Oh shit. Um, sorry Batman! Why do I keep forgetting this blog is about comic books! I blame N. Gretchern Greiner for distracting me this time! And then the shitty segue I came up with to begin talking about Friday the 13th!


If you're so smart, Red Robin, why didn't figure out the riddle on sight as well?

Don't worry, everybody! Batman has it figured out! He'll take it from here like he always does. And while he heads off to the Pineskills Casino to confront The Riddler, Mister Freeze is captured by a bunch of men with guns on his way to Blackgate Prison, and Vicki Vale gets the hardest assignment of her career: she must learn the truth! Ha ha! That's a good one! News outlets don't want truth anymore! They just want access to politicians and police whenever they need a quote or an interview. So why would they want to ferret out the truth of the statements made by those people?! Better to have access to their lies than point out that they're liars and lose them completely.

Once Batman finds The Riddler, he learns that Nygma received a poorly designed invitation as well but chose to ignore it because none of the "i"s were dotted with little question marks. But that doesn't mean The Riddler doesn't want to play his own game. So he challenges Batman to answer more riddles before he'll help Batman uncover the person behind Gotham's problems.

Meanwhile a whole bunch of super villains have been freed from incarceration and gathered together on the street along with Catwoman who got an invite and actually decided it was worth her time to show.


I have some advice for you Batman!

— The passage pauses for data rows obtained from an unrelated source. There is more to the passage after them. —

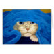 Cute blue eyed cat peeking out from under covers of a blue blanket...
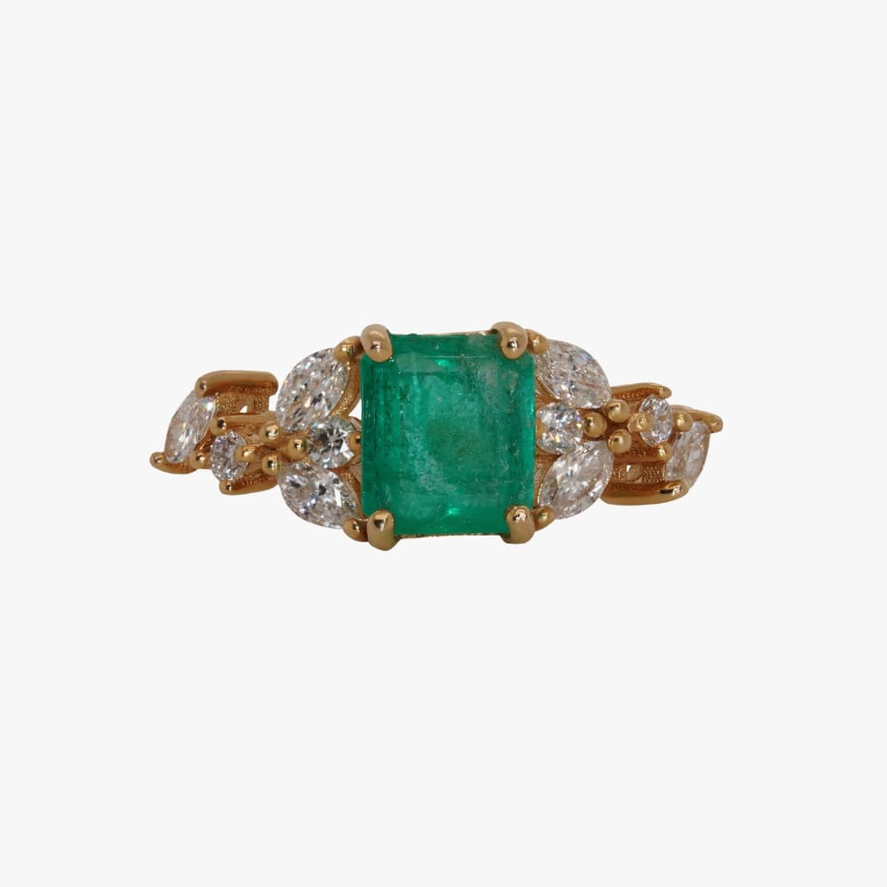 This exquisite ring features a vibrant green square emerald at its center, complemented by a dazzling array of marquise and round diamonds, beautifully crafted in 14K gold.
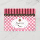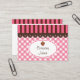 Pink and brown candy coloured stripes, gingham, chocolate dots, and scallops give this cupcake business card retro style. Use this business card for a bakery, boutique, shop, catering, etc...Customise the information to suit your needs, add or delete text, etc. The designs are from original art.
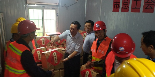慰問中,太原市總工會黨組書記、常務副主席馮潤春來到施工現(xiàn)場及宿舍區(qū)與農(nóng)民工一一握手,并把月餅親手送到了農(nóng)民工手中,他希望農(nóng)民工不忘初心,砥礪前行,為太原城市建設添磚加瓦,再立新功!
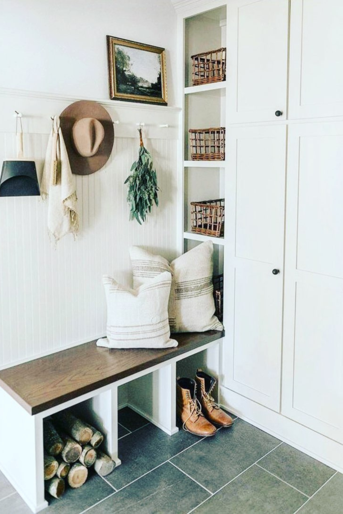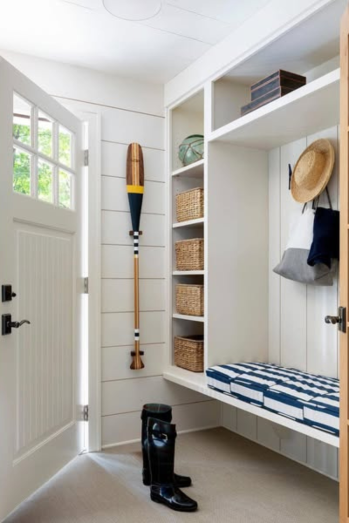 Most functional mudrooms use both. Keep daily items visible and hide everything else to maintain order without constant cleaning.
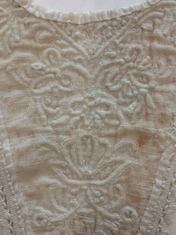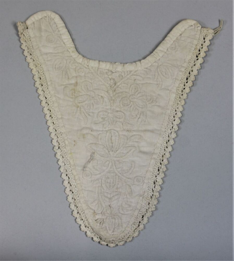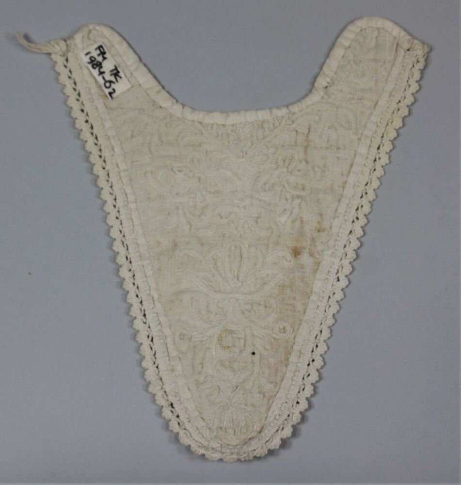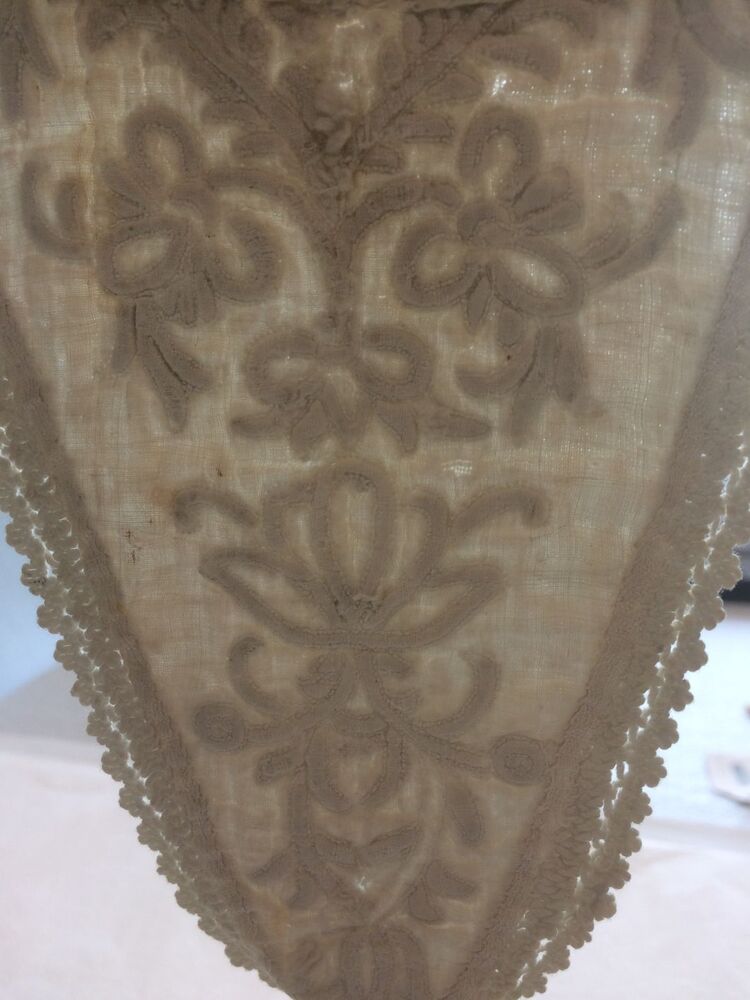 V-vormig befje van Zaans stikwerk, gemaakt van stomacher
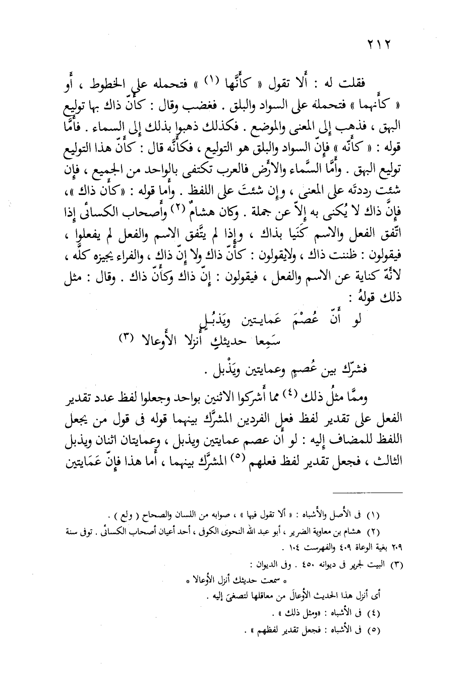 ومما مثل ذلك مما أشركوا الاثنين بواحد وجعلوا لفظ عدد تقدير الفعل على تقدير لفظ فعل الفردين المشرك بينهما قوله في قول من يجعل اللفظ للمضاف إليه: لو أن عصم عمايتين ويذبل، وعمايتان اثنان ويذبل الثالث، فجعل تقدير لفظ فعلهم المشرك بينهما، أما هذا فإن عمايتين
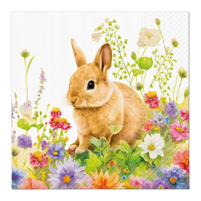 Serwetki Zajączek w kwiatach Wielkanoc 33x33cm Paw Decor Collection
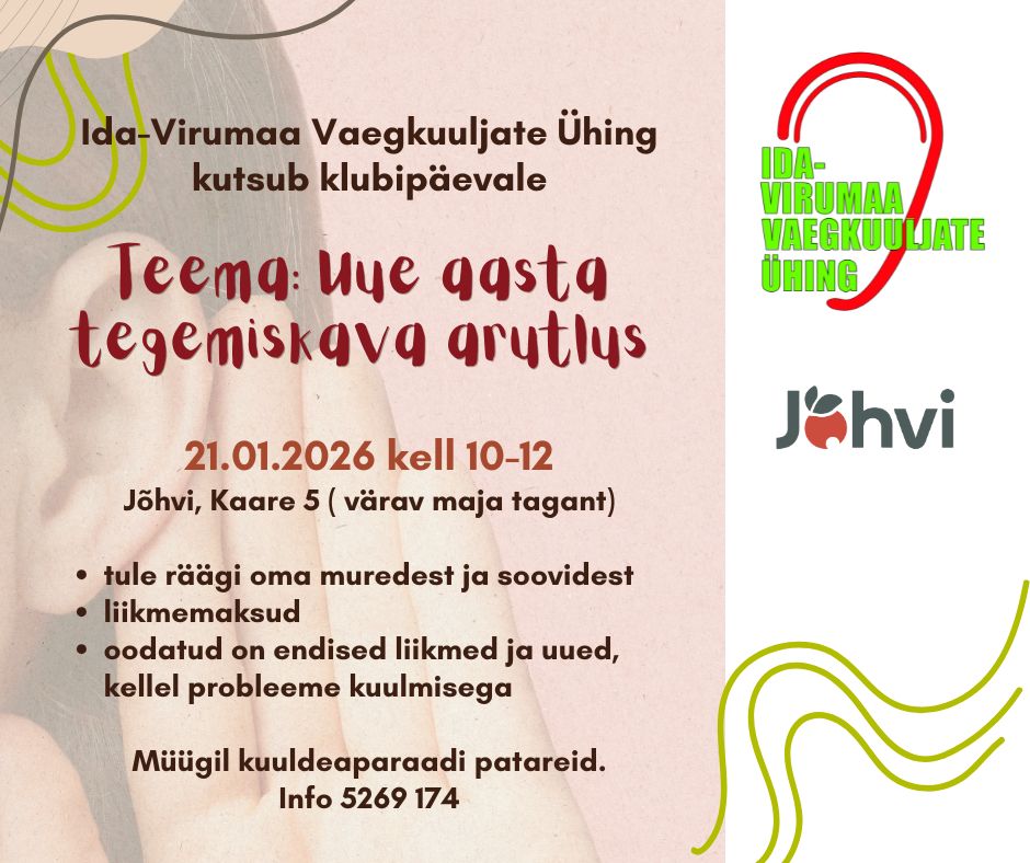 Teemad: tule räägi oma muredest ja soovidest liikmemaksud oodatud on endised liikmed ja uued, kellel probleeme kuulmisega Müügil kuuldeaparaadi patareid. Info 5269 174
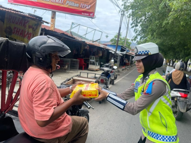 Jumat Berkah, Personel Ditlantas Polda Aceh Bagikan Nasi Kotak untuk Masyarakat
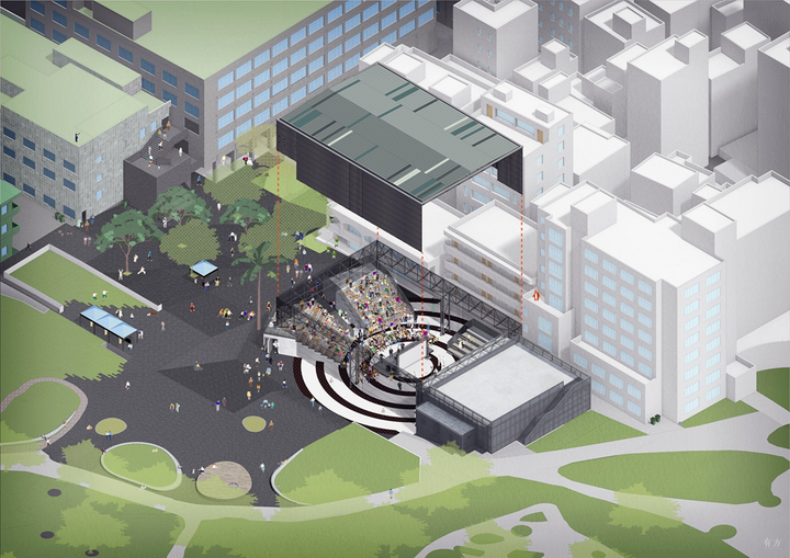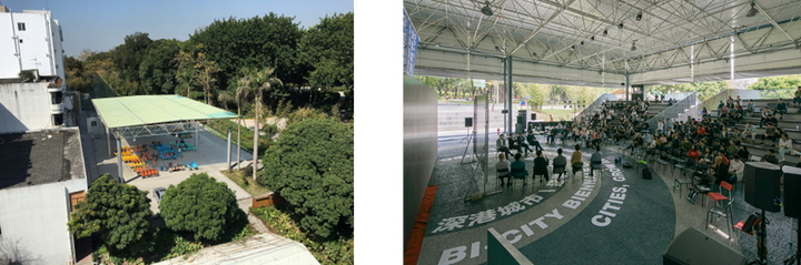 在改革开放初期、深圳快速工业化进程中,为满足年轻人业余文化生活举城兴建的 “大家乐舞台”,见证了深圳的早期打工文化。本次改造在现有钢屋架下方置入三座坡起的观众席,在提升观演氛围的同时,如散落的巨石般构建出非正式的戏剧性空间。屋架四周为可升降织物幕帘系统,幕帘起落之间,种种正式非正式、室内室外、演出集会的活动将在同一场所上演。作为双年展实质性介入城市改造的成果,大家乐舞台多种新的使用方式,也将延续至展览结束后的居民日常生活之中。
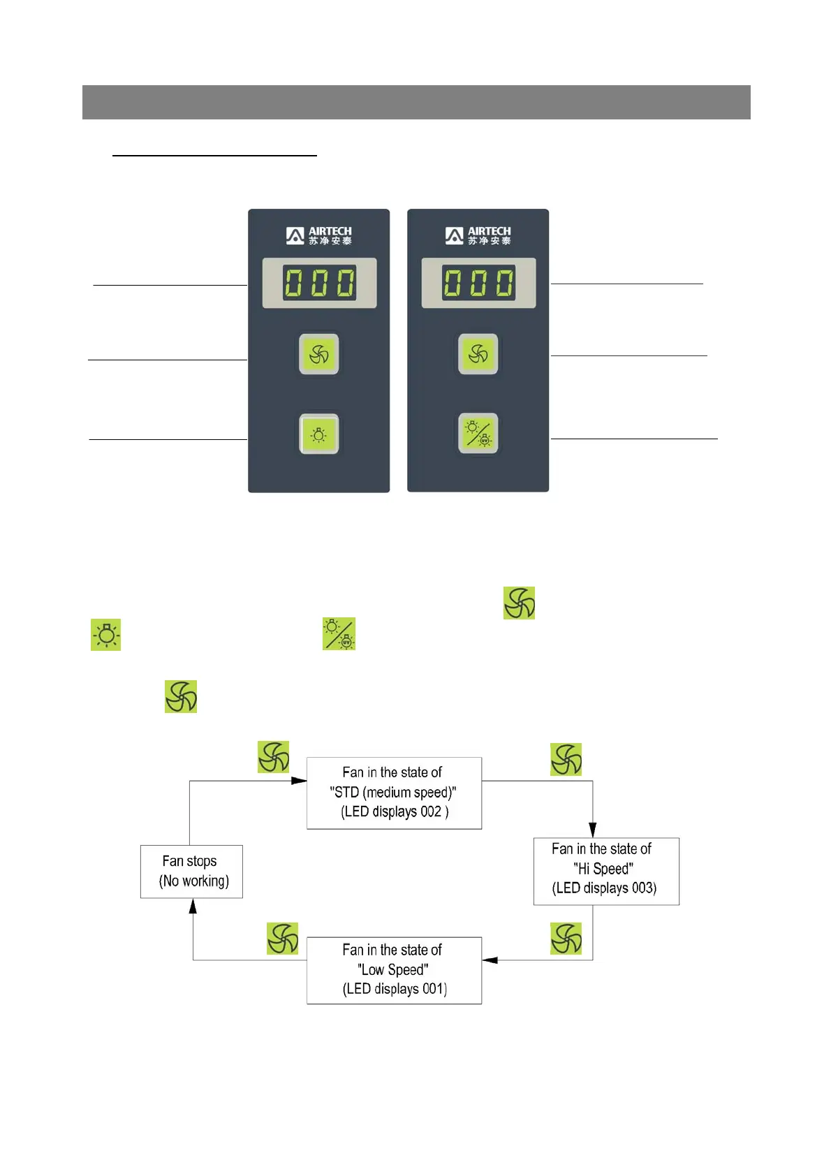 As shown in the Fig 3, there are buttons on the panel: Fan Button (with light),
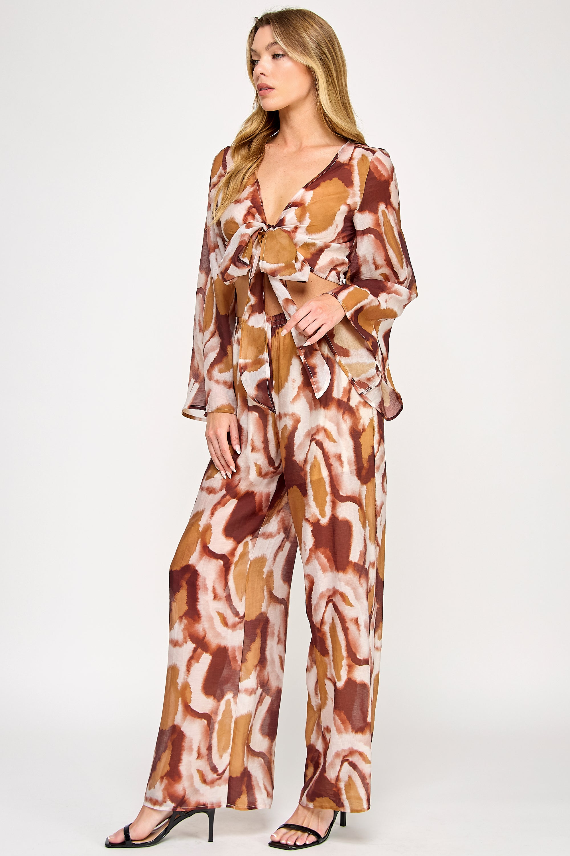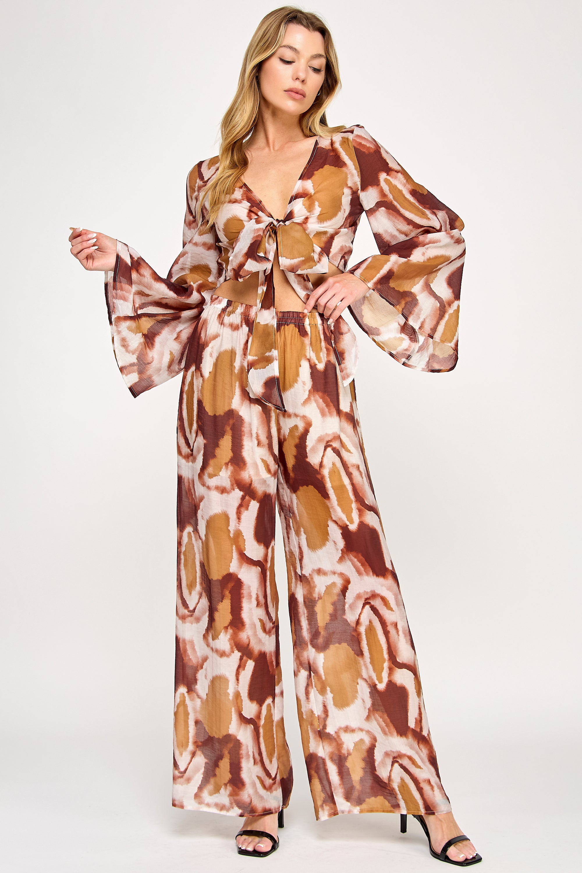 • Front-tie Top With Flowing Bell Sleeves

Just give up and move to Metropolis already.

The person behind it all gives all of these goons every resource taken from Batman and Wayne Enterprises. Money, weapons, huge batsuits equipped with Gatling gun fists. They receive them all and are told to begin fucking up Gotham.

Oh man. I hope Wrath isn't behind all of this!

The Riddler refuses to help Batman and would rather die in an avalanche. So they're consumed by snow. Too bad for Riddler, I'm looking at the cover of Batman Eternal #40 right now and it looks like the avalanche doesn't help him get away. But there's good news for Vicki Vale! The deadline on her Truth Report has just been extended!


Other bad news: she might be too dead to take advantage of the extra time.

Batman Eternal #39 Rating: No change. I really have forgotten what it's like to just sit down and read a comic book without wanting to suddenly write about it and maybe go off on a tangent for five minutes before getting back to the comic book where the entire flow of the story has been interrupted by my need to write about Friday the 13th. Are comic books even worth reading when you're not entertaining yourself by writing about them and cracking stupid jokes? I don't think they're worth three to four dollars without all this extra commenting fun! I guess, in a way, I'm more entertained by myself than I am by the comic books. Yay for me!